Whether extroverted and loving the social world or more introverted and blossoming in solitude and quiet, the need to communicate permeates our lives beginning with our first breath. The baby's cry is clear and simple: "Food please, are you there? Something doesn't feel good, or it does!" As we live, communication's complexity is revealed. Verbal and non-verbal statements, logical linear thinking or intuitive gestures, we are constantly saying something to those around us. The need to be better understood, or to understand another, is often what motivates a person to seek therapy.
Couples come to therapy wanting to improve communication skills, parents and children both don't feel respected and heard by one another; these are two common examples where communication abilities are interfering with relationship. When I worked in Middle School as a counselor I was quite amazed to hear the young teens saying the same things as their parents concerning feeling respected and feeling heard. This is the child I cherish, the partner who was such a perfect fit. How did we get here? And what can we do? Communication breaks create anger and frustration, yet sadness and fear are not far away because these are the people I really care about. Uncovering our care for each other and the accompanying empathy can renew our hope and refresh rigid relationship dynamics.
There are many practices for improving communication skills. I have found the model created by Marshall B. Rosenberg, Ph.D. (http://www.nonviolentcommunication.com
) called Nonviolent Communication, or Compassionate Communication, simple, user-friendly, and it goes to the heart of the difficulties rather than skimming the surface and applying band-aids. The model consists of four steps, which apply to both expressing and listening. The first step is developing a capacity for "Noticing". Noticing is an ability to give attention to what is occurring, within myself and interpersonally, without evaluating it. Easier said than done! Usually we are quick to evaluate good or bad, right or wrong, which brings in the all too common critical blaming lens. The following steps of "Feelings", "Needs", and "Requests" are also important, but I find this first step of Noticing to be the foundation of the others.
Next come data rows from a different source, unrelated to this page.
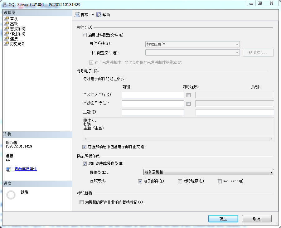 你在SQL Server代理属性对话框里定义防故障安全员(右击SQL Server代理,选择属性),在警报系统页。勾选启用防故障操作员,然后从列表里选择系统已经定义的操作员,如插图3所示。当完成选择后,点击【确定】。注意这页的其它选项会在下一篇的数据库邮件里谈到。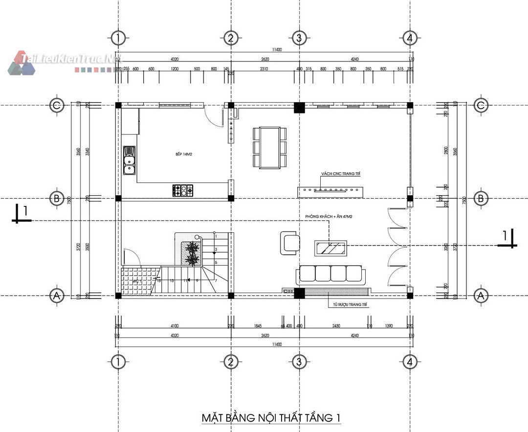 Tầng 1: Khu vực sinh hoạt chung (Phòng Khách 47m2), Bếp & Ăn (14m2), Sảnh thang.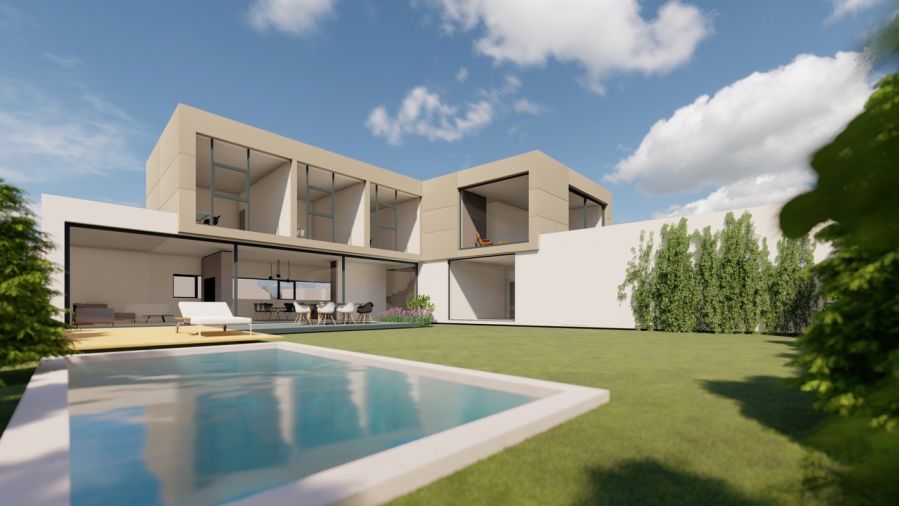 Eine großzügige Raumaufteilung mit lichtdurchfluteten Schlafräumen und trotzdem ausreichend Privatsphäre waren Vorgaben der Bauherren, die durch die L-Form hervorragend umgesetzt werden konnten. Von innen genießt man aus allen Räumen den ungehinderten Blick in den Garten mit Pool.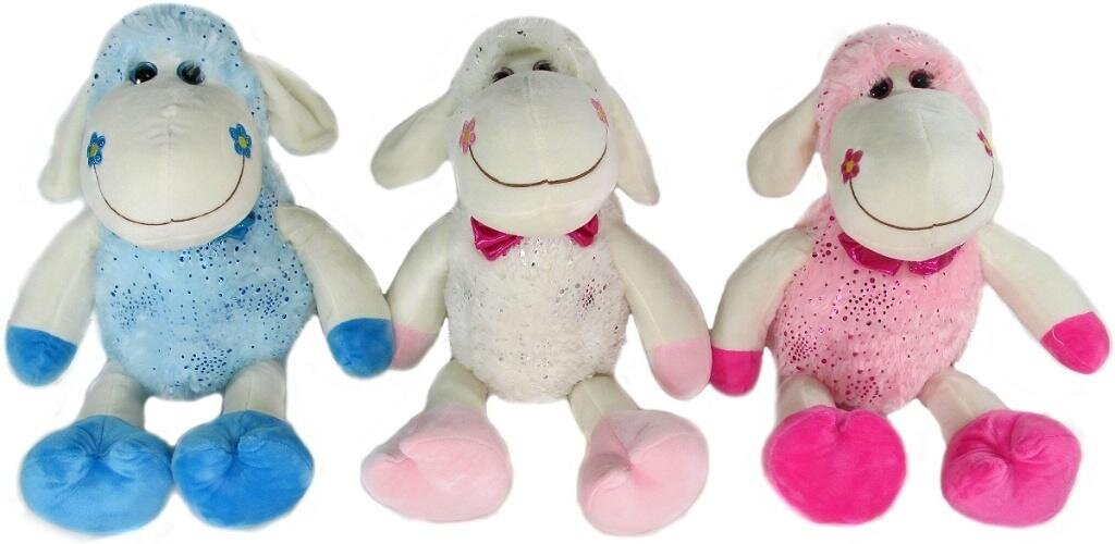 Maskotka o wielkości całkowitej (z nogami) 28cm, siedząc 20cm. Ładne kolory, nietypowy wzór. Do wyboru kolor kremowy, różowy lub niebieski. Cena za sztukę. číst celé

Another way to develop Noticing is through practices like Mindfulness Meditation. Centering in the present moment, paying attention to what we are actually experiencing rather than our ideas or feeling about it, supports this Noticing skill. Bringing curiosity to what we have noticed sets the stage for a very different communication scenario. It doesn't mean we are not still upset, but we have slowed down our reactions and have a much better chance of actually getting through to this person who means a lot to us. Examples of Noticing may be: "I'm noticing we haven't had much time together these past few weeks" or "I've noticed my mood is low and I'm feeling overwhelmed". These statements are very different from the "you have" or "you haven't" type and our partner/family member may actually be able to care because they are not being blamed. Then where do we go from here?
Underneath the noticing are feelings: "I've noticed the sink is still full of dirty dishes. I feel so angry!" Then our task is to discover the needs underneath those feelings: "I need to trust you will do what you promise to do." And now the time for requests, which differs greatly from demands: "I'd like to ask you to spend some time with me so we can work this out". Noticing, Feelings, Needs, Requests is a simple system that can, with practice, be available in the heat of an upset moment.
Developing communication skills is a practice. Practicing with the relationship to ourselves is a good way to begin. The more we are able to notice our changing inner states without judgment and shame, the more able we will be to work with the inevitable differences that arise with others.